Coincidentally (or maybe not so coincidentally; I admit nothing), I also have strong feelings about them. I despise, for example, bread-and-butter flavor pickles and/or sweet pickles. Can't stand them. I mean really, why would you go and mess with something as perfect as a kosher dill pickle? What if Michelangelo had decided to shake things up at the Sistine Chapel with a bit of red finger paint and rainbow sparkles? Hmm? What then, world? You would cry; that's what. (Fine. Maybe you wouldn't. But I would. Sparkles on Adam would kill me.)

So, all that to say: sweet pickles. They're vile.

However. They are nothing in comparison to what I'm about to tell you.

See, I go grocery shopping every so often, and the same thing happens every time. I'm so busy analyzing costs (which can vary), brands (only a few of which I've tried), and false advertising (Newsflash for all you marketing people: Baking soda is not going to change my life, regardless of what you try to tell me), that I'm usually exhausted by the time I get to aisle two. Yes: two. I take my analyzing seriously, m'dears.

Anyway, back to the pickles. So after browsing the pickle section for what must have been at least five minutes (to the angst of all those who had to pass me), I snatched up what looked like a docile jar of pickles. And I, the savvy shopper, was happy. I may have, as a matter of fact, been looking forward to a nice pickle snack when I got home. I may have even picked up my shopping pace so I could get home.

I zoomed out of the store an hour later (record timing, I'll have you know), rushed home, unpacked my many groceries, and finally pulled out the jar of pickles. And the first bite was delectable: DE-LECT-ABLE. And my taste buds rejoiced.

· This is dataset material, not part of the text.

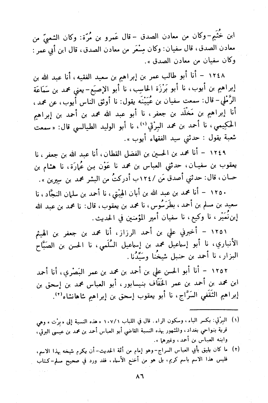 1252 - أنا أَبُو الْحَسَنِ عَلِيُّ بْنُ أَحْمَدَ بْنِ مُحَمَّدِ بْنِ عُمَرَ الْبَصْرِيُّ أنا أَحْمَدُ بْنُ مُحَمَّدِ بْنِ أَحْمَدَ بْنِ عُمَرَ الْخَفَّافُ، بِنَيْسَابُورَ أَبُو الْعَبَّاسِ مُحَمَّدُ بْنُ إِسْحَاقَ بْنِ إِبْرَاهِيمَ الثَّقَفِيُّ السَّرَّاجُ: §«نَا أَبُو يَعْقُوبَ إِسْحَاقُ بْنُ إِبْرَاهِيمَ شَاهِنْشَاهْ»
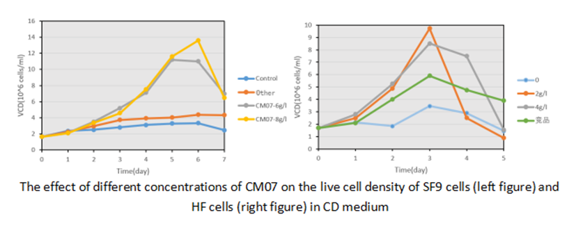 Angel CM07 is a glutathione-enriched hydrolysate with a glutathione content exceeding 10%, promoting cell growth and enhancing metabolic activity in cell culture. When applied to SF9 cell culture, CM07 significantly promotes cell growth, exhibits good cell passaging stability, virus sensitivity, and leads to higher protein expression levels.

But then, dear reader - then - my throat started to burn. My immediate thought was, "Are these . . . fermented?" And I looked at the jar and the jar looked back and it was then - only then - I realized I had selected, bought, and eaten Tabasco - flavored pickles.

And they burned.

And my taste buds screamed in agony.

And it was a day of utmost tragicalness. I still haven't recovered.

In the meantime, if someone could please send me a real jar (or two) of kosher dill pickles, I'd much appreciate it. It may help the healing process.